#1 Entity extraction by deep learning - from research to production
* by Hila Zarosim and Noam Rotem *
The Non-English Languages Team at TMS (Refinitiv’s Text Metadata Services) has recently released a deep-learning-based component for tagging people names in French news documents. The model, Tensorflow-based, was trained by Python code, while the final destination – the production environment, is Scala-based. In this meetup, we will describe our BILOU-based concept of entity extraction, the model structure, the quest for training data and the challenges deriving from training in Python while the runtime is in Scala… Then, we will follow up with sharing our experience with taking this solution to production: memory and latency challenges, multithreading, disk space, tracing runtime behavior and more. We will end our session with discussing the quality of our solution, and the immediate plans to improve it.
Hila Zarosim has joined the research team in Refinitiv (Previously known as Thomson Reuters) in 2014, after completing her P.hD. in Computer Science in Bar-Ilan University. Since then, she has been involved in a large number of NLP projects, including text classification, relation extraction, and entity extraction in English and non-English languages.

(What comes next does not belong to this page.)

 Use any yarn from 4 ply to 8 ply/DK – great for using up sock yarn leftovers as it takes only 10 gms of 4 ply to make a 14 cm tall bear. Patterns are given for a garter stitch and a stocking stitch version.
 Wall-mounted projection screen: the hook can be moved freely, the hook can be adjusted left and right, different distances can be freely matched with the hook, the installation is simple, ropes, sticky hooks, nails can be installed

Noam Rotem leads the Non-English Languages team at Thomson Reuters’ Refinitiv Text Metadata Services, where he copes with NLP and engineering challenges in Latin languages, Asian languages, and sometimes also in English… Before joining TMS, Noam lead R&D teams and groups for 18 years, and was the CTO of various start-up companies in the cyber security domain.
#2 A Generative Model for Sentiment Analysis
* by Oren Sar Shalom *
Most sentiment analysis algorithms are only point estimators and their predictions overlook confidence. Accompanying predictions with an estimated confidence score is an instrumental output by its own, and can also potentially improve the optimization process.

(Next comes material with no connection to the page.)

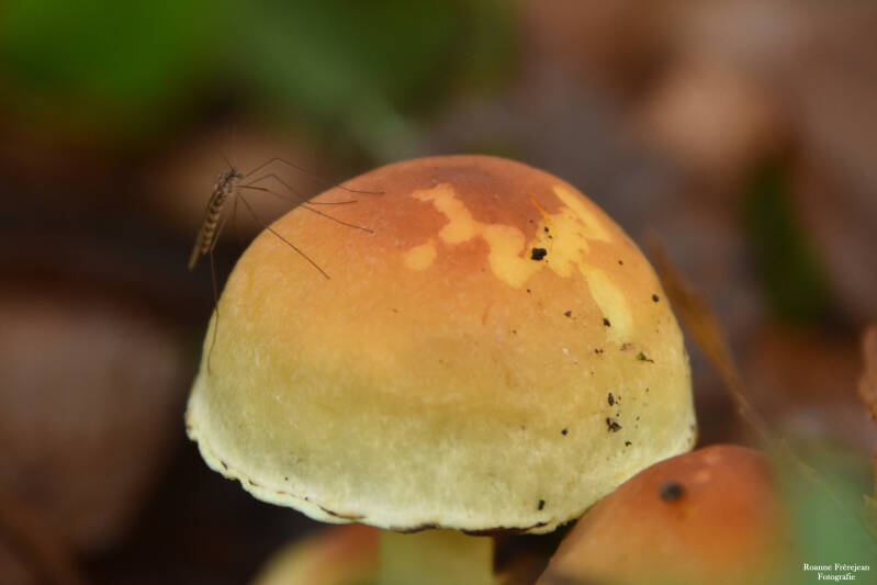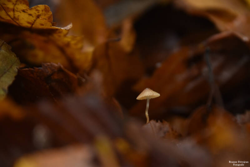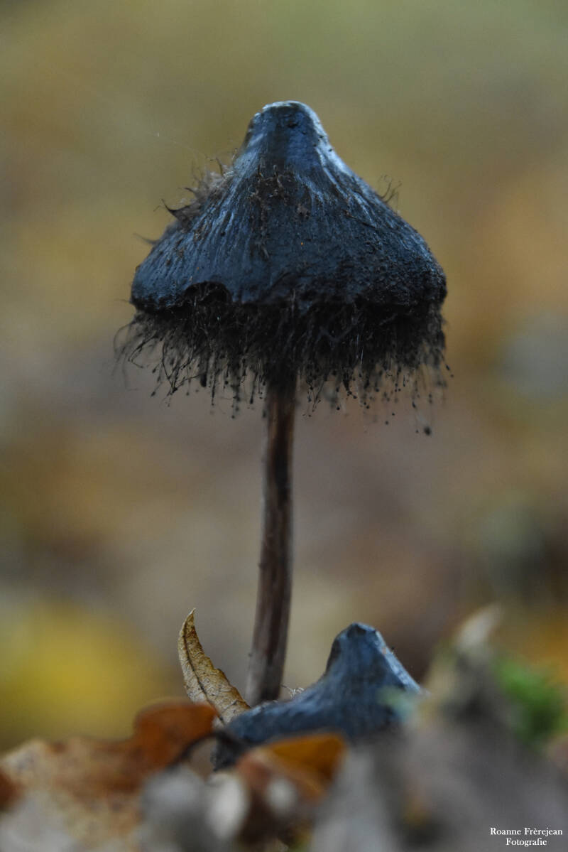 Een paddenstoel die besmet is met een mycenaparasiet. Dit kan je zien aan alle haartjes op de hoed van de paddenstoel.

In this talk I'll present a probabilistic model for textual review generation. Its realization is based on the well known CNN architecture for text classification, where a novel non-parametric layer is introduced. This layer infers the inherent variance in textual reviews, while simplifies the model.
The contributions of this work are: improve accuracy, learned prediction confidence and improved interpretability.
Oren is a principal data scientist at Intuit and holds a Ph.D. in Computer Science in the field of Recommender Systems. With more than 10 years of experience in the industry, he conducts research in both Recommender Systems and NLP related problems. He is also a member of the ACM Future of Computing Academy (https://www.acm.org/fca) and a co-chair of the AAAI-19 workshop on recommender systems and natural language processing (RecNLP).